Last edited by discretiongrove on 2013-02-20T23:15:19-07:00, edited 1 time in total.
I'm not really Stephen Malkmus.
User avatar
discretiongrove
Posts: 13
Joined: 2013-02-19T01:20:09-07:00
Authentication code: 6789

Re: Converting PDF to image results in hidden differences

Post by discretiongrove »

Hey there, this is quite an update. I don't know how but it seems that if I use ImageMagick to compare and do this:

Code: Select all

compare -metric AE -fuzz 5% 1A.jpg 1B.jpg output.jpg
The value returned is 0 meaning there are no differences! :)
I'm not really Stephen Malkmus.
User avatar
fmw42
Posts: 25562
Joined: 2007-07-02T17:14:51-07:00
Authentication code: 1152
Location: Sunnyvale, California, USA

Re: Converting PDF to image results in hidden differences

Post by fmw42 »

discretiongrove wrote:Hey there, this is quite an update. I don't know how but it seems that if I use ImageMagick to compare and do this:

Code: Select all

compare -metric AE -fuzz 5% 1A.jpg 1B.jpg output.jpg
The value returned is 0 meaning there are no differences! :)
That is probably due to the -fuzz 5% which says do not consider them different if within 5% of being the same.

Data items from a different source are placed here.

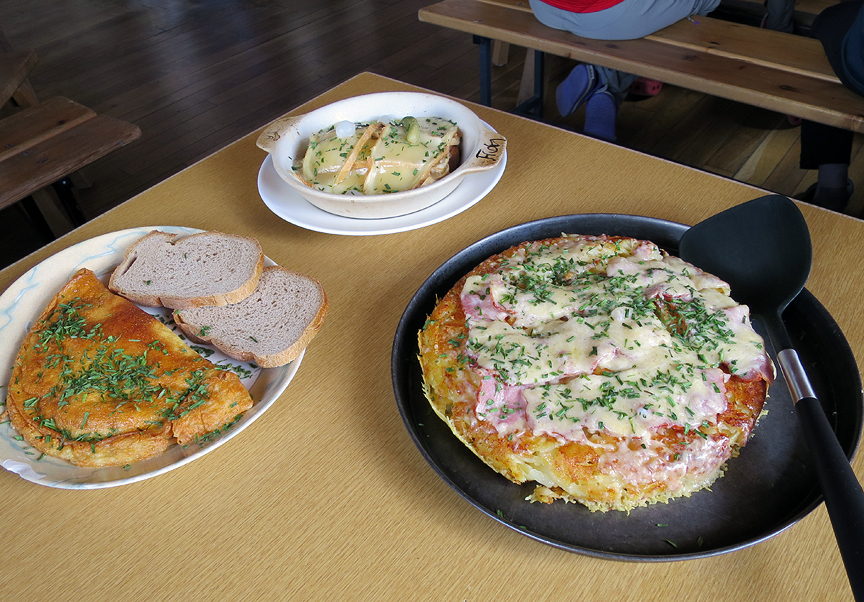 We felt we'd earned a real reward, in the form of a cheese-intensive hot lunch back at the hut. |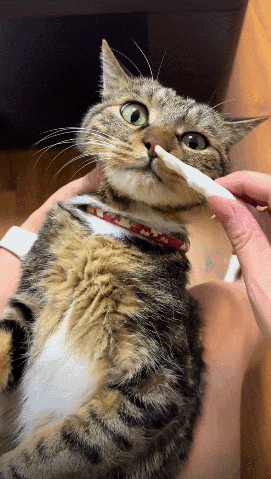 어느 고양이는 집사가 면봉으로 콧물을 닦기 시작하자 마치 뇌가 텅 빈 듯한 표정을 짓습니다.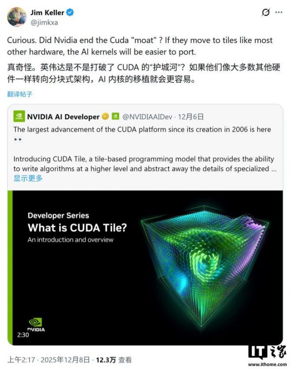 IT之家 12 月 9 日消息,科技媒体 Wccftech 昨日(12 月 8 日)发布博文,报道称传奇芯片架构师吉姆・凯勒(Jim Keller)表示,英伟达最新发布的 CUDA Tile 更新可能会终结其长期建立的软件“护城河”。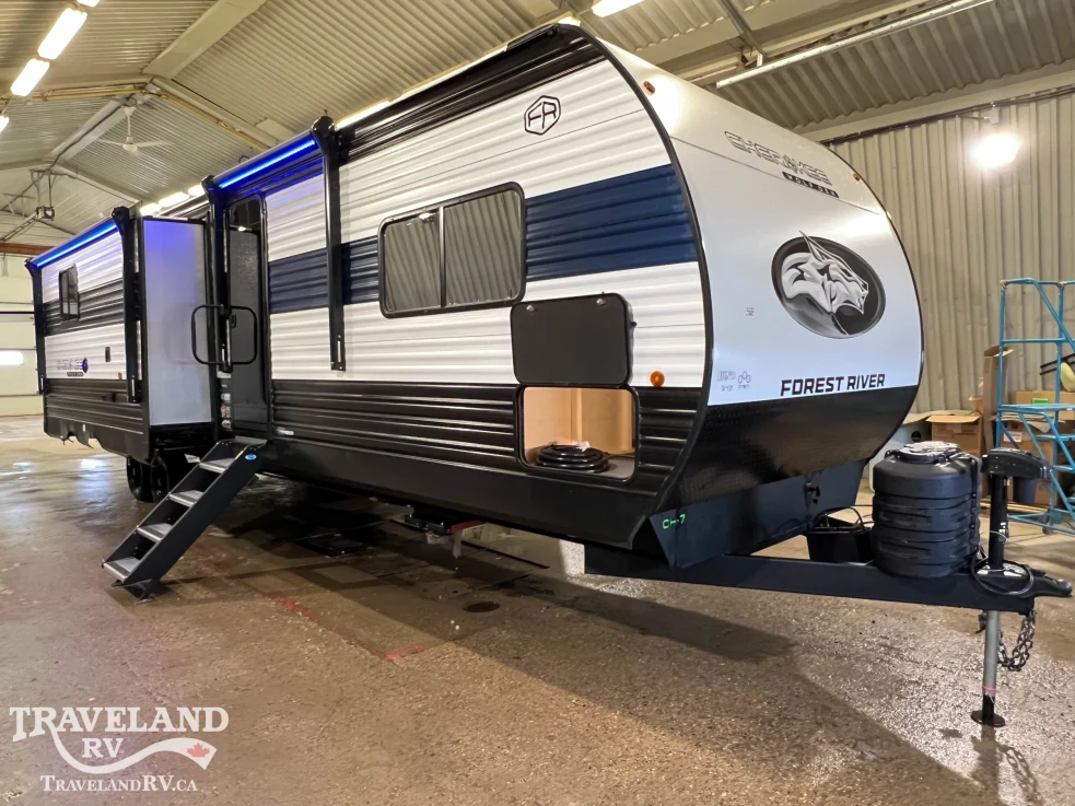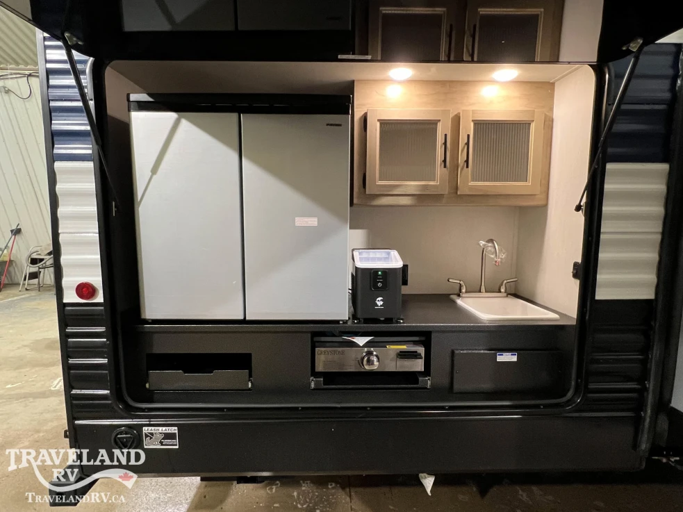 If space and privacy are top priorities for your family, the Cherokee Wolf Den 304SR has you covered. Built with a private rear bunkhouse featuring its own sofa and plenty of floor space, along with a private master bedroom and king-size bed, this travel trailer delivers extra comfort for the whole family. It’s also jam-packed with amenities like an outside kitchen, built-in air fryer, and hidden storage spaces (just to name a few). Starting at $64,987.

But there is perhaps a misunderstanding. I am not sure what you are comparing. Are you trying to convert the PDF to jpg with two different applications? Or are you converting two different PDF files? Using two applications going to jpg, the two applications can compress totally differently or use different compression codes.

Try converting to png or to tif so that you do not get any losses that could be different.

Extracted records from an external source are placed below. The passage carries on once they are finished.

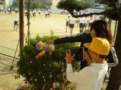 完成した作品を、学校内の好きなところでタブレットを使って撮影しました。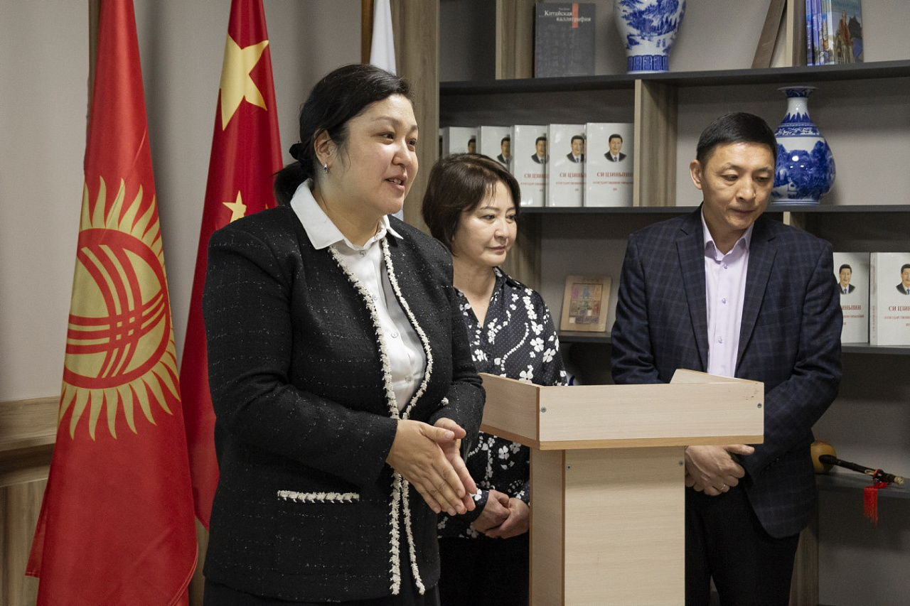 Чрезвычайный и Полномочный Посол КНР в КР г-жа Ду Дэвэнь выразила надежду, что обновленный Центр станет площадкой для молодежи, изучающих китайский язык и культуру, внесет большой вклад в укрепление дружбы между Китаем и Кыргызстаном. Высокая гостья передала в дар Центру книги и памятную скульптуру, символизирующую сближение культур.
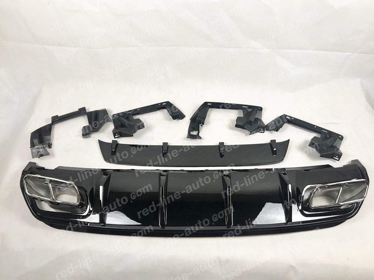 - Item: Aftermarket rear aero kits: canards, splitters, spoilers, lips, diffuser, skirt etc. in high shine gloss black ABS plastic, with chrome stainless steel quad exhaust tips

Also I was asking for the verbose information from the PDF files not the jpg files. I want to see what you are starting with.

Please clarify the process you are using and what the starting image or images are?
User avatar
discretiongrove
Posts: 13
Joined: 2013-02-19T01:20:09-07:00
Authentication code: 6789

Re: Converting PDF to image results in hidden differences

Post by discretiongrove »

I'm sorry if I'm not clear. Now that you've mentioned it, the fuzz factor could affect my comparisons. Using a fuzz factor of 5 would not detect a stray dot or a comma as a difference then?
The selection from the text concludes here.